Dallas J. Hawk said...

That is a good list but you left off a few more worthy people.

First of all any descussion of the worst announcers has to include Billy "Fudge" Packer. This is the guy who never is happy with anything the players are doing. It is always negative from him and he is usually wrong. But in a few bad comments about when he played for Wake Forest in the 50's and how important the bench depth was. Ask any college basketball fan and they will say this man is the worst. He would have gained bonus points if he would have played Phil Marteli and St. Joe's a few years back but he chickened out.

Others left out were Jim Nance who scripts his calls. Hey Jim these calls are not clever please stop.
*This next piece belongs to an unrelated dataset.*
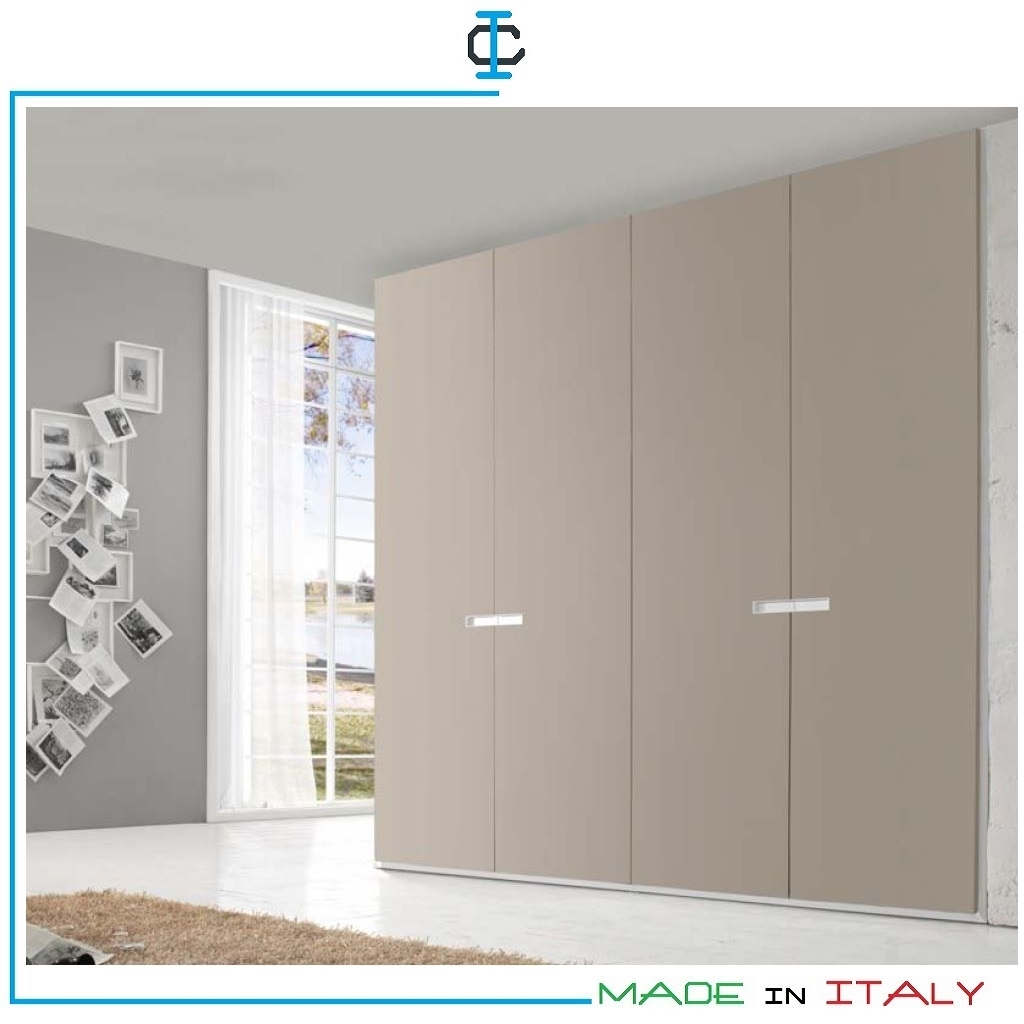 Armadio con maniglia ad incasso H.226 per camera da letto. Armadio componibile e personalizzabile. Armadio lineare composto da : 2 moduli ad ante battenti con tubi appendiabito e ripiani. Finitura Laminato con tinte a scelta. Armadio lineare in stile contemporaneo. Struttura in pannello ecologico in classe E1 a basso contenuto di formaldeide.

The currect WGN broadcast team of Bob Brenly and that other shitty guy who's name is not important enough for me to know. "That could be the break the Cubs need." This was said after a dropped foul ball with two outs in the ninth nobody on base the Cubs down 5.

Anonymous said...

York- The guy you're thinking of is Len Kasper. He is terrible, but a step up from Chip Carey. I didn't even want to get in to college basketball, but I think Bill Raftery is the worst. All he does is scream. The bad thing is that he usually does the good Big 11 or Big XII games, so I am forced to see him.

Notice most of these guys are somehow on ESPN doing something??